Source: Ryan Thibodaux’s Baseball Hall of Fame Vote Tracker

For the past several years, I’ve used these public-private differentials to project the final results of the Hall balloting. For every returning player, I calculate an “adjustment factor” based on whether he has historically over- or underperformed his “polls.”33 Then I add or subtract the adjustment factor to or from the player’s public vote share in Thibodaux’s tracker to get the player’s estimated vote share among private voters. Then, I simply combine the two vote shares proportionally (based on what percentage of the estimated total vote has been made public thus far) to arrive at the player’s final projection. (There’s a different adjustment for first-time candidates — more on that later.)

Below are this year’s projections as of Jan. 16, with 182 ballots revealed out of an estimated 412 expected to be cast. (Dozens more are likely to be made public before the announcement, so for real-time updates to the forecast, follow me on Twitter.)

Rivera, Halladay and Martinez will likely make the Hall

Forecasted results for the 2019 Baseball Hall of Fame election, combining 182 already public ballots and an estimated 230 remaining ballots whose projected vote shares reflect the historical voting bias of private ballots

Players likely to make the Hall % of Public Ballots Adjustment Factor* Estimated % of Private Ballots Projected Final Vote
Mariano Rivera 100.0% 0.0 100.0% 100.0%
Roy Halladay 94.0 -2.4 91.6 92.6
Edgar Martinez 90.7 -16.7 73.9 81.3
Players projected to fall short
Mike Mussina 81.9% -16.0 65.9% 73.0%
Roger Clemens 73.6 -17.8 55.8 63.7
Curt Schilling 74.2 -20.0 54.2 63.0
Larry Walker 67.0 -8.6 58.4 62.2
Barry Bonds 73.1 -20.4 52.7 61.7
Omar Vizquel 36.8 +8.1 44.9 41.3
Fred McGriff 36.3 +8.6 44.9 41.1
Manny Ramirez 26.9 -1.1 25.9 26.3
Todd Helton 19.2 +6.0 25.3 22.6
Scott Rolen 20.9 -3.7 17.1 18.8
Jeff Kent 15.4 +2.1 17.5 16.6
Billy Wagner 15.9 +0.7 16.7 16.3
Gary Sheffield 13.2 +1.3 14.5 13.9
Andruw Jones 8.2 +5.0 13.3 11.0
Sammy Sosa 13.2 -5.3 7.9 10.2
Andy Pettitte 6.6 +2.0 8.6 7.7
Players projected to be eliminated from future ballots
Michael Young 1.6% +0.1 1.7% 1.7%
Lance Berkman 1.1 +0.3 1.4 1.3
Roy Oswalt 1.1 +0.2 1.3 1.2
Miguel Tejada 1.1 0.0 1.1 1.1

Excludes candidates who have received zero votes on public ballots.

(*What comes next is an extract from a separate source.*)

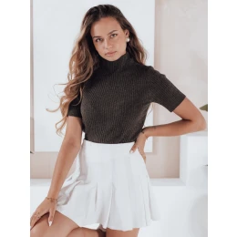 Dámský žebrovaný svetr s krátkým rukávem hnědý Dstreet model 21991056 - FashionStreet
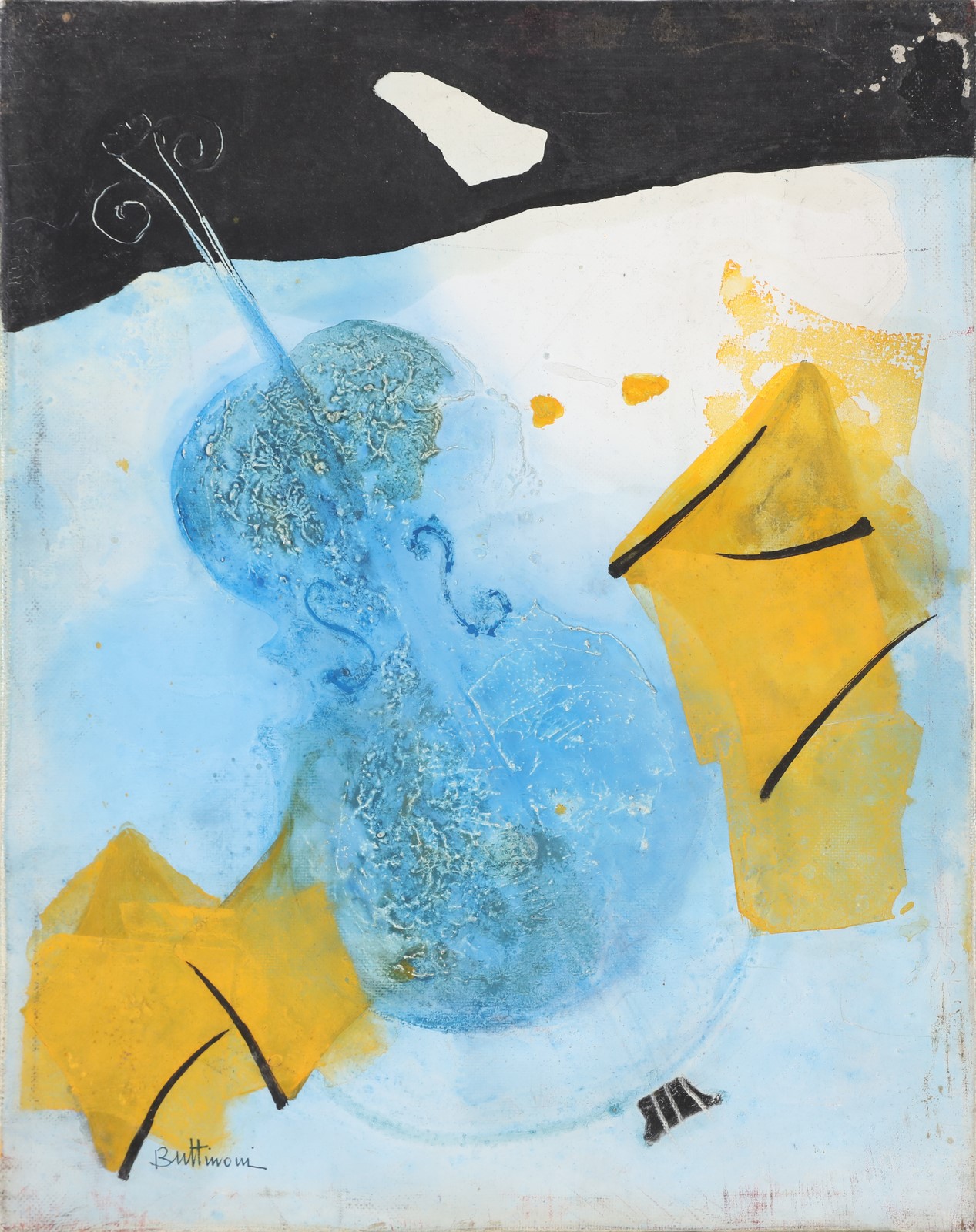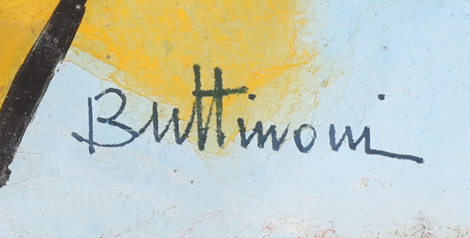 NON IDENTIFICATO AUTORE Senza titolo. Tecnica mista su tela. Cm 24,00 x 30,00. Firmato Buttinoni in basso a sinistra. Al retro firma, anno e timbro Galleria Ferrari, Treviglio.

*The adjustment factor is derived from historical differences between public and private ballots.

Source: Ryan Thibodaux’s Baseball Hall of Fame Vote Tracker

I’m projecting that three players will surpass the 75 percent threshold required for election. Let’s start with the player who has waited the longest to get here: Seattle Mariners hitting machine Edgar Martinez, who is eligible for election for the 10th and final time.34 Martinez is currently pulling 90.7 percent of the public vote, but — perhaps because of anti-designated-hitter bias — he is one of the candidates who always see precipitous drops from the exit polls to final results. Still, I’m expecting him to win 73.9 percent of the votes that have yet to be revealed, giving him an overall total of 81.3 percent.

With a projected 92.6 percent of the vote, fearsome starting pitcher Roy Halladay also looks assured of election. This is the first time Halladay — who tragically died in a plane crash in 2017 — has appeared on the ballot. That means he has no vote history to go off, so my model treats him (and other first-time candidates) a little differently. First, I calculate which returning candidate’s support is most highly correlated with the new candidate’s support. For Halladay, this was Mike Mussina, which makes sense — both are starting pitchers who fall short of the traditional Hall of Fame standard (300 wins) but have strong peripheral stats. Then I estimate the new candidate’s support among private ballots assuming that correlation will hold steady. For example, so far in public ballots, Halladay has won 96.6 percent of voters who also voted for Mussina but only 81.8 percent of voters who didn’t vote for Mussina. I applied those same percentages to the projected number of private ballots with and without Mussina.

Mariano Rivera — indisputably the best closer of all time — rounds out this group.35 Currently, I’m projecting him to get a round 100 percent of the vote, which would make him the first unanimous selection in Hall of Fame history. However, I freely admit that candidacies like Rivera’s — another first-time candidate — are a blind spot for the model. With no public “no” votes on Rivera, he correlates equally poorly with every returning candidate.36 Therefore, our best option is to look at how other closers, like Trevor Hoffman and Lee Smith, have fared — and if there is one ironclad rule for the public-private differentials, it’s that closers do even better with private voters than they do with public ones. You can’t do better than 100 percent, obviously, so Rivera’s adjustment factor is simply zero.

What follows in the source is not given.